**TASK STATEMENT**: Look below for the line with "男性向けラノベタイトル風あだ名 | 『ヒラガナスレイヤー』 |" and the line with "Card of Last"; repeat exactly those two lines and all lines between them, but no pictures.

**DATA SHOWN**:
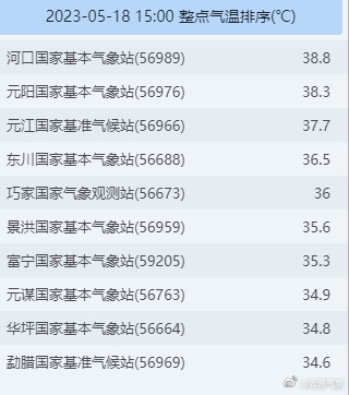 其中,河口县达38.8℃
--
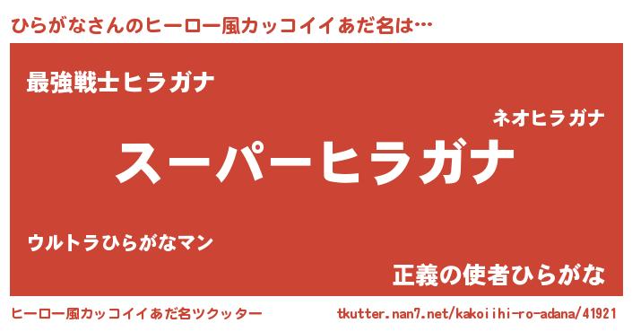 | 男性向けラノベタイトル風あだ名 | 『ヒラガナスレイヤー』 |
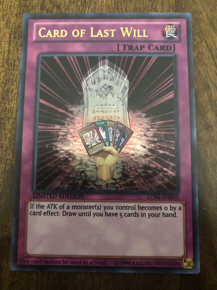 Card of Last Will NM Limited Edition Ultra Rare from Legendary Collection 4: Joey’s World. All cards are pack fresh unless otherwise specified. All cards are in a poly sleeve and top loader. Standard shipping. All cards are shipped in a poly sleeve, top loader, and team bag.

**OUTPUT**:
 | 男性向けラノベタイトル風あだ名 | 『ヒラガナスレイヤー』 |
 Card of Last Will NM Limited Edition Ultra Rare from Legendary Collection 4: Joey’s World. All cards are pack fresh unless otherwise specified. All cards are in a poly sleeve and top loader. Standard shipping. All cards are shipped in a poly sleeve, top loader, and team bag.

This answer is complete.